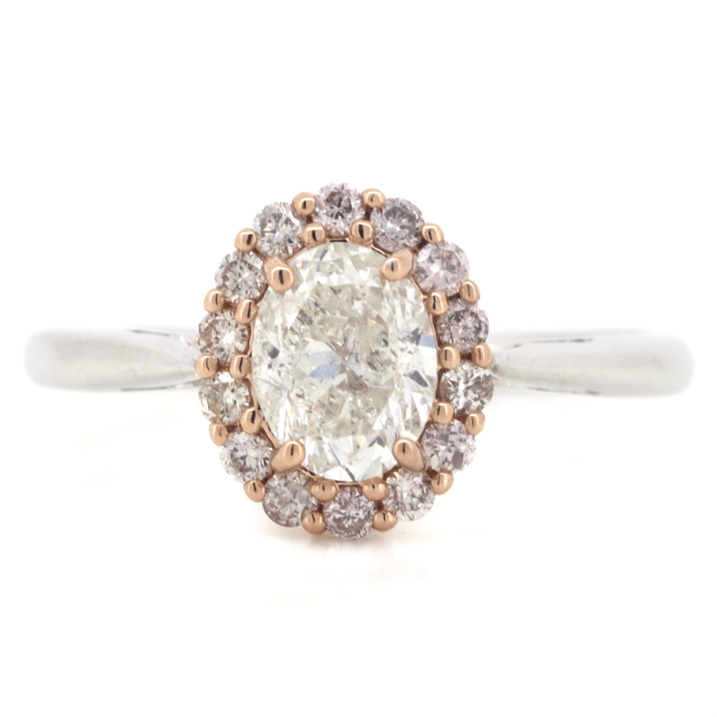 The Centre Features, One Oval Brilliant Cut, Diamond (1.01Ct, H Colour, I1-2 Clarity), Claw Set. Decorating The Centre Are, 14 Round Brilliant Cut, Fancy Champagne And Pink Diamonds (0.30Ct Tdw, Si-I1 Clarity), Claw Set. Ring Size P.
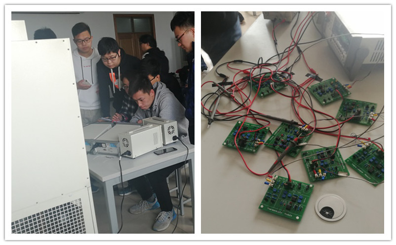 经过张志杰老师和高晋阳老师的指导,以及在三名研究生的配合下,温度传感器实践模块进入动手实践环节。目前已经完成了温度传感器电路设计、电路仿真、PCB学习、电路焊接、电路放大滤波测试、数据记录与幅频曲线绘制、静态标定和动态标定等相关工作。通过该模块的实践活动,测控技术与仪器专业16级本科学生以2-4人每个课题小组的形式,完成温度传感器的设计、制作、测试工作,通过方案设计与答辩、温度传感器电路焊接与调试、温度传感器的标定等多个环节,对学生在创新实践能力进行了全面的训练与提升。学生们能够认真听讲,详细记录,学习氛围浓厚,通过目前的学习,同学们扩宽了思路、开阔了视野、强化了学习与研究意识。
^^^^^^^^
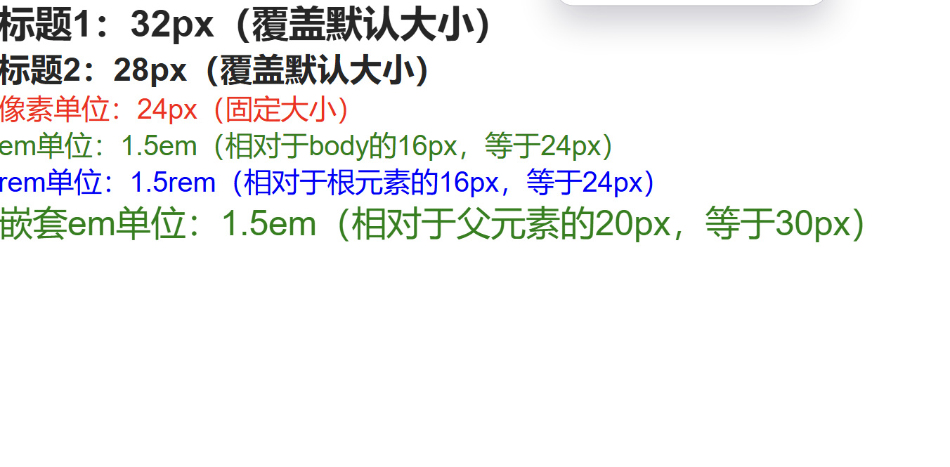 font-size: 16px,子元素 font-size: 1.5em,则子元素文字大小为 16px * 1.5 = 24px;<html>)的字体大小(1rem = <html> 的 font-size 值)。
^^^^^^^^
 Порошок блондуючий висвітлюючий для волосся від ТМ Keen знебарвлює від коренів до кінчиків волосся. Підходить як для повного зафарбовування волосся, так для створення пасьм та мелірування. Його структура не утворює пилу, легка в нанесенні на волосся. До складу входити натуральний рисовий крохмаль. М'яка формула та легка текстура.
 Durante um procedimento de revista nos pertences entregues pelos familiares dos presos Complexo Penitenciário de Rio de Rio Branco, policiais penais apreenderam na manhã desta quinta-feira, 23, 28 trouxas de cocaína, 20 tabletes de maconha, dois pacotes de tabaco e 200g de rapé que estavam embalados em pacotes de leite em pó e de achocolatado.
^^^^^^^^
*What you have to do*
What are the lines in the records above, word for word, from the one containing "The Centre Features, One" through the one containing "经过张志杰老师和高晋阳老师的", both ends included and pictures left out?

*Exercise answer*
 The Centre Features, One Oval Brilliant Cut, Diamond (1.01Ct, H Colour, I1-2 Clarity), Claw Set. Decorating The Centre Are, 14 Round Brilliant Cut, Fancy Champagne And Pink Diamonds (0.30Ct Tdw, Si-I1 Clarity), Claw Set. Ring Size P.
 经过张志杰老师和高晋阳老师的指导,以及在三名研究生的配合下,温度传感器实践模块进入动手实践环节。目前已经完成了温度传感器电路设计、电路仿真、PCB学习、电路焊接、电路放大滤波测试、数据记录与幅频曲线绘制、静态标定和动态标定等相关工作。通过该模块的实践活动,测控技术与仪器专业16级本科学生以2-4人每个课题小组的形式,完成温度传感器的设计、制作、测试工作,通过方案设计与答辩、温度传感器电路焊接与调试、温度传感器的标定等多个环节,对学生在创新实践能力进行了全面的训练与提升。学生们能够认真听讲,详细记录,学习氛围浓厚,通过目前的学习,同学们扩宽了思路、开阔了视野、强化了学习与研究意识。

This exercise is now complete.